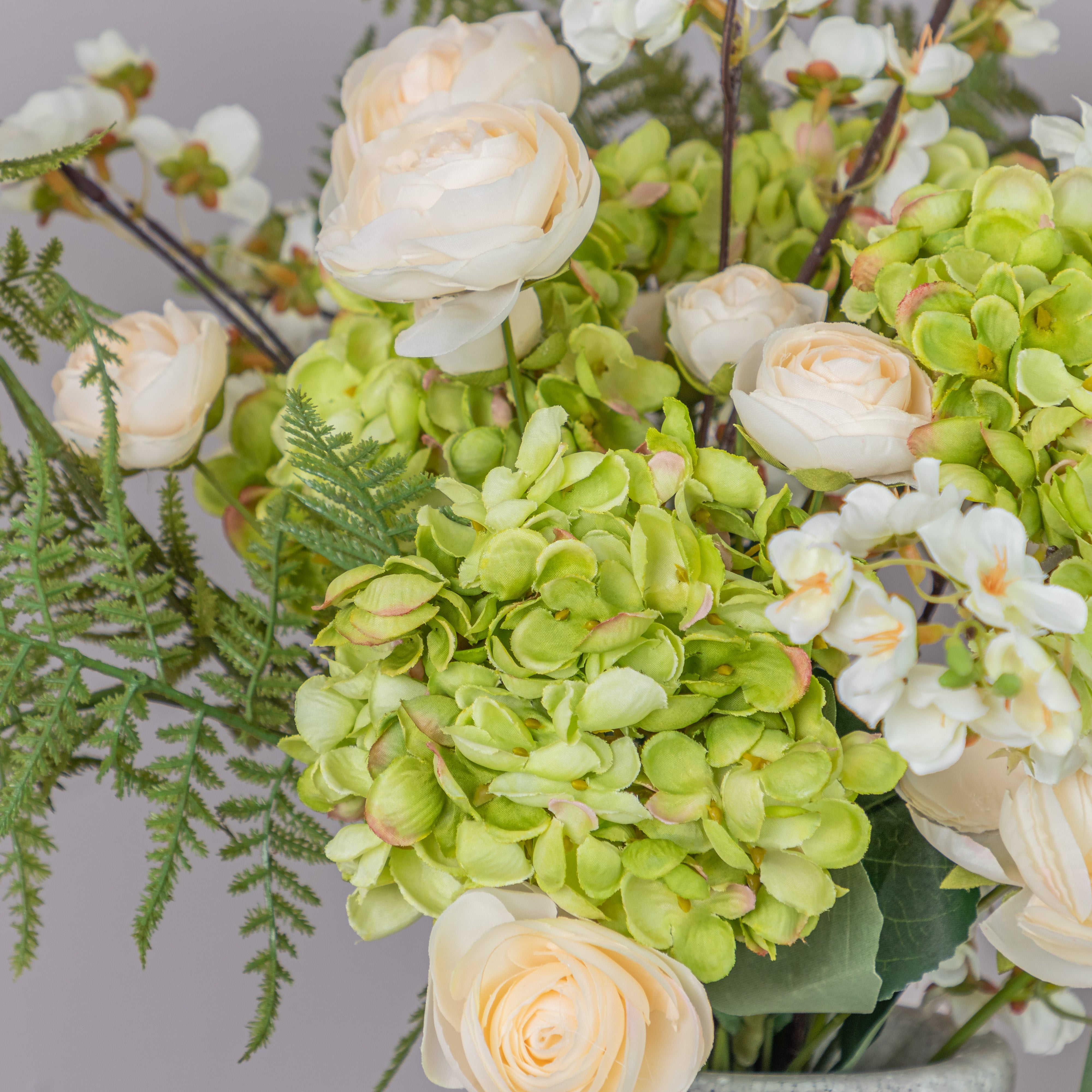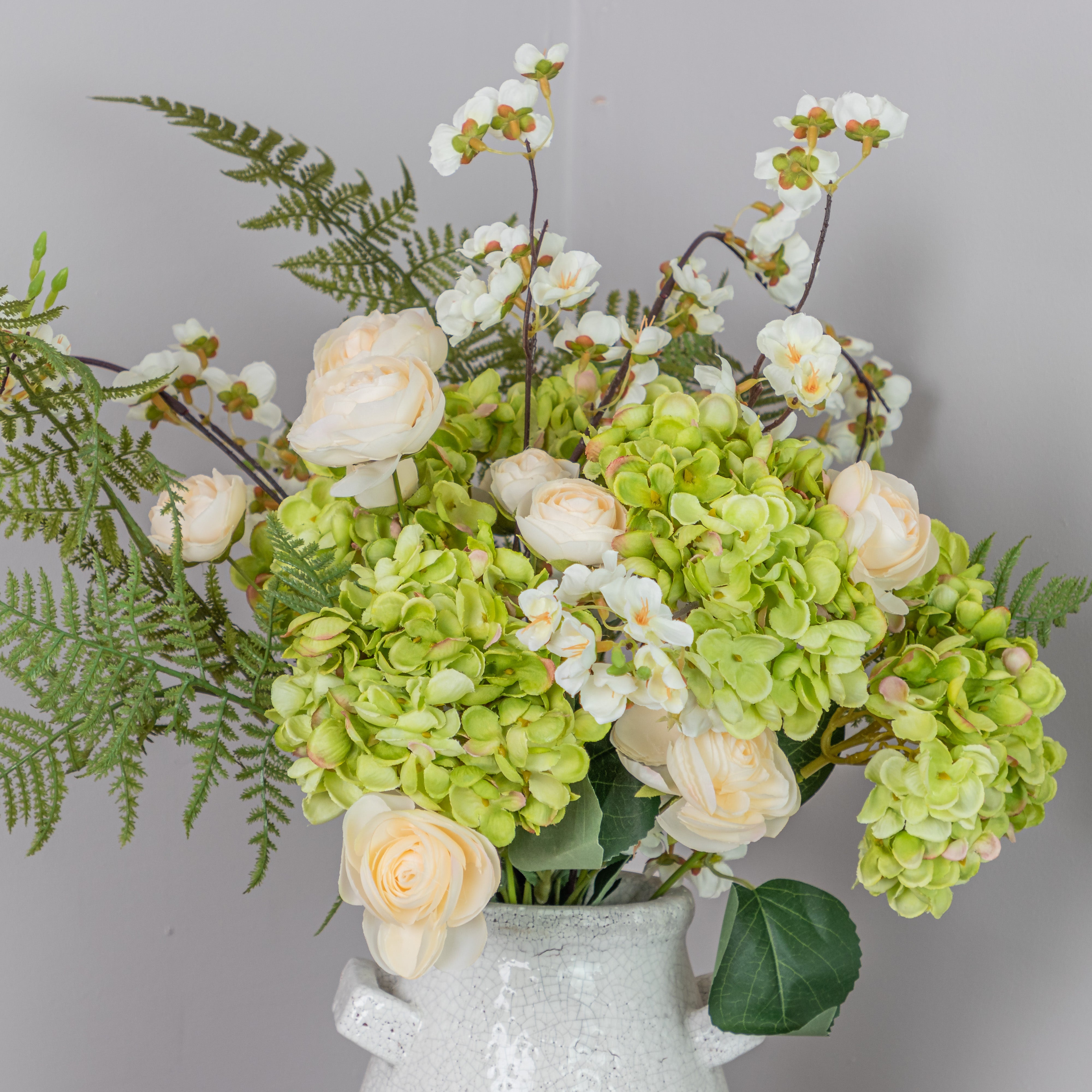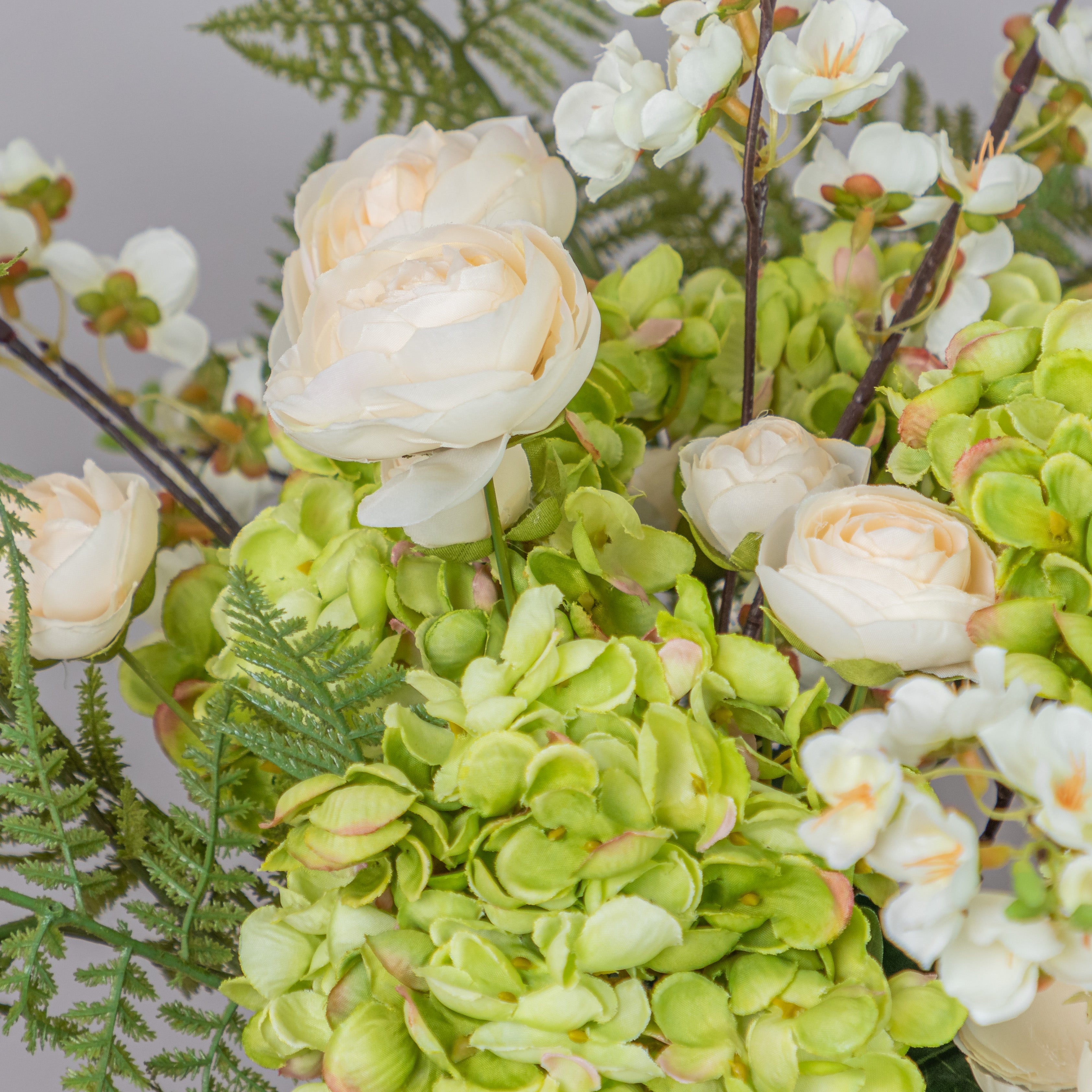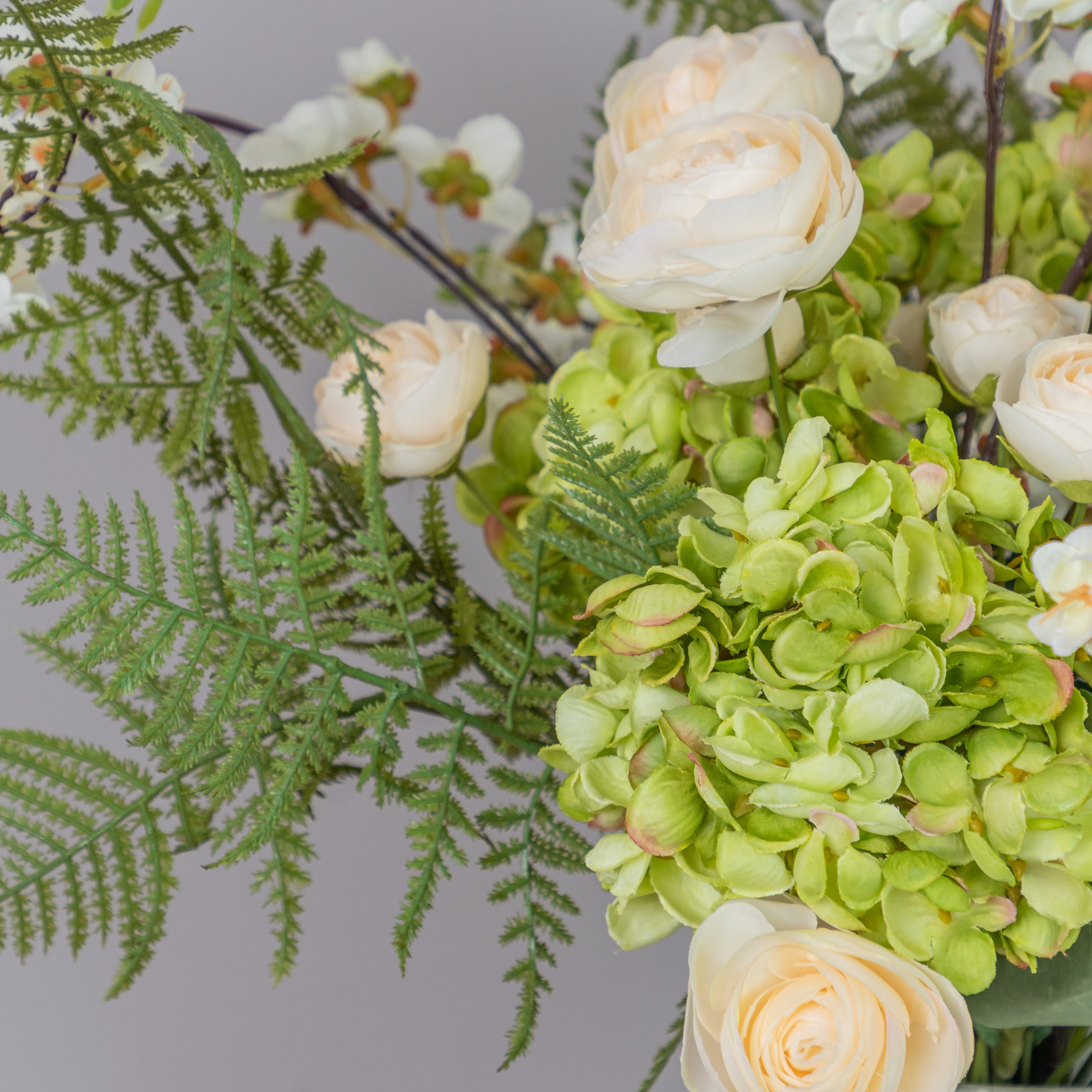 "Enhance your space with our stunning Spring Mix Bouquet. This arrangement includes a beautiful combination of Green Hydrangea, Japanese Bloom, and Cream Ranunculus creating a vibrant and elegant look. Experience the freshness of spring all year round" - Jessica and Adam
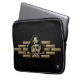 The sleeve is made of nice feeling material and seems very durable. I'm not sure how easy it'll be to clean, but the construction seems sound and the fabric is quick thick. I also like the double zipper. The printing is lovely and appears durable. The white on black contrast is nice, and the design very elegant.
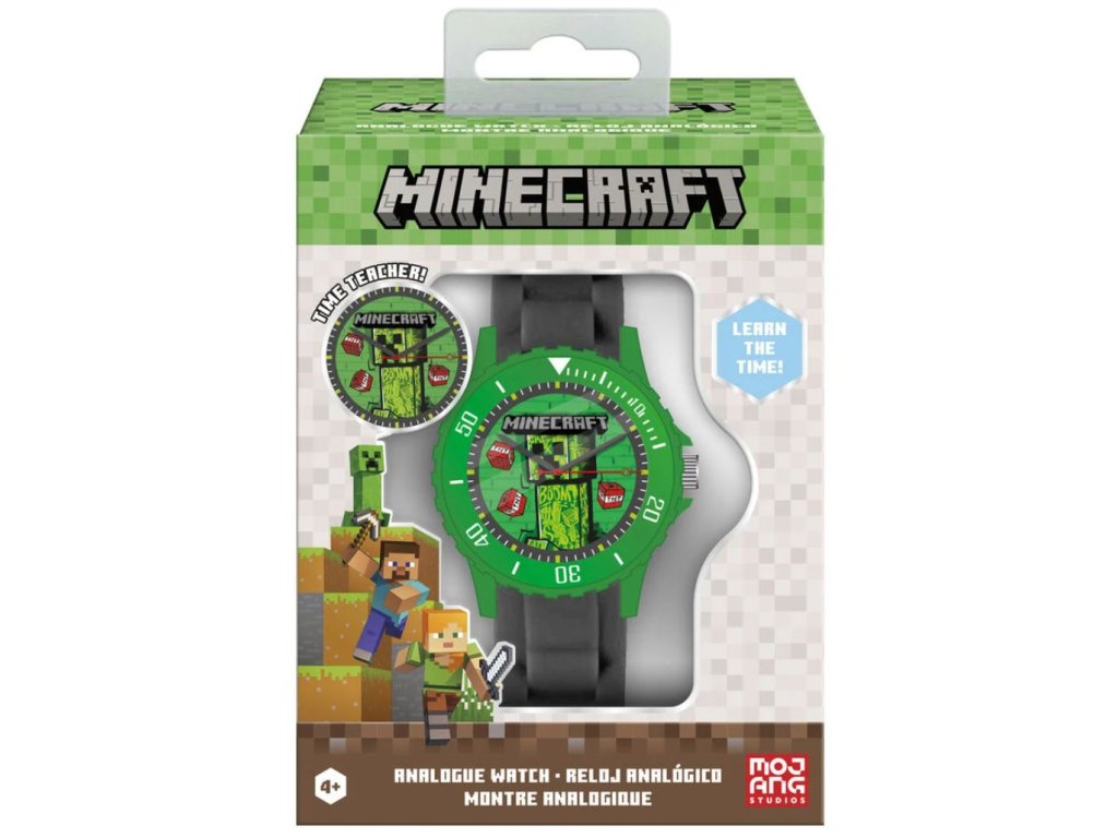 Oficiální produkt - náramkové dětské hodinky z katalogu výrobků se znakem a grafikou populární videohry Minecraft.
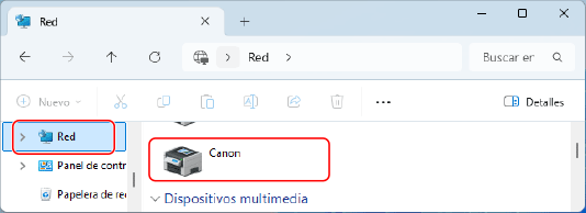 El nombre que aparece en [Nombre del ordenador] en la pantalla [Compartir] puede que no se pueda utilizar en la red. Utilice el siguiente procedimiento para consultar el nombre del ordenador utilizado en la red.
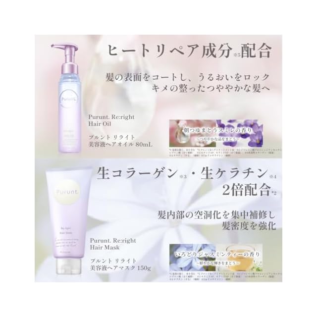《 Purunt. (プルント) とは 》美容室メーカーが366日かけて開発した貯水オイル美容をコンセプトにした「パサつき・乾燥」特化型ダメージケアブランド。うるおいを追求したサロン仕様の補修機能成分に加え、厳選浸透オイルと、みずからうるおうチカラ“ 美肌菌 ”に着目したうるおい処方の独自調合で、美容室帰りのような“ パサつき知らずのぷるんとした美髪 ”を叶えます。
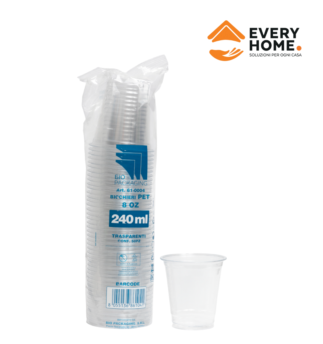 BICCHIERI PET 240ML/8OZ Bicchieri di plastica (PET) da 240 ml, 8 OZ e diametro di 78 mm adatti per degustare bevande fredde e a temperatura ambiente. Sono infrangibili, atossi e idonei al contatto alimentare. Li proponiamo i... (0.0/0) 2,45€
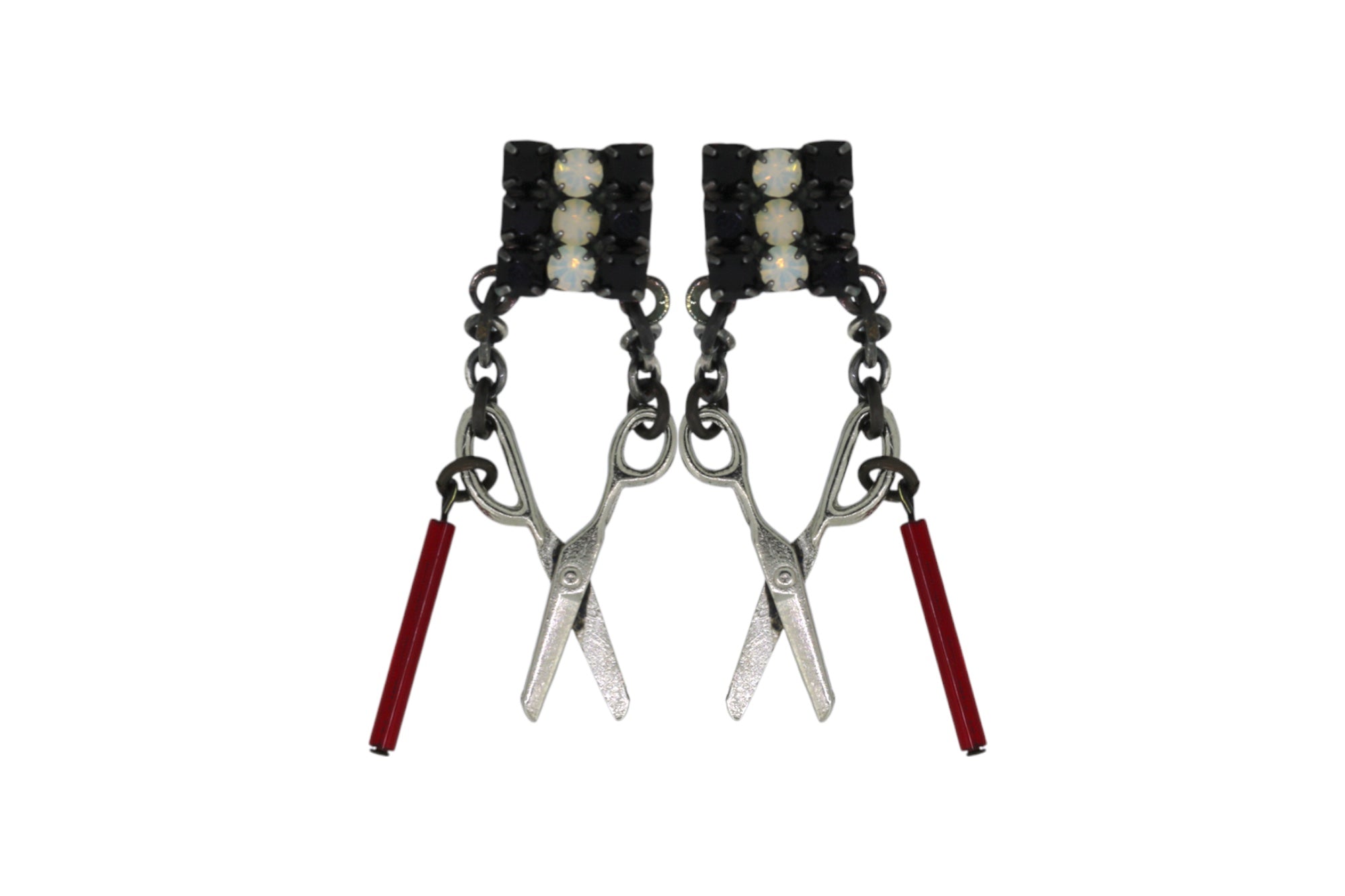These one-of-a-kind Dripping Scissor Earrings are plated in Oxidised Sterling Silver and contain vintage materials and premium Austrian crystals sourced directly from the vaults. Handcrafted in our Kensington workshop, these earrings bound to add some sparkle and edge to your party outfit.

※ ※ ※

## [What is being asked]
Return exactly the lines above, from the one with "Purunt. (プルント) とは" up to and including the one with "BICCHIERI PET 240ML/8OZ", and include no pictures.

## [Finished task]
《 Purunt. (プルント) とは 》美容室メーカーが366日かけて開発した貯水オイル美容をコンセプトにした「パサつき・乾燥」特化型ダメージケアブランド。うるおいを追求したサロン仕様の補修機能成分に加え、厳選浸透オイルと、みずからうるおうチカラ“ 美肌菌 ”に着目したうるおい処方の独自調合で、美容室帰りのような“ パサつき知らずのぷるんとした美髪 ”を叶えます。
 BICCHIERI PET 240ML/8OZ Bicchieri di plastica (PET) da 240 ml, 8 OZ e diametro di 78 mm adatti per degustare bevande fredde e a temperatura ambiente. Sono infrangibili, atossi e idonei al contatto alimentare. Li proponiamo i... (0.0/0) 2,45€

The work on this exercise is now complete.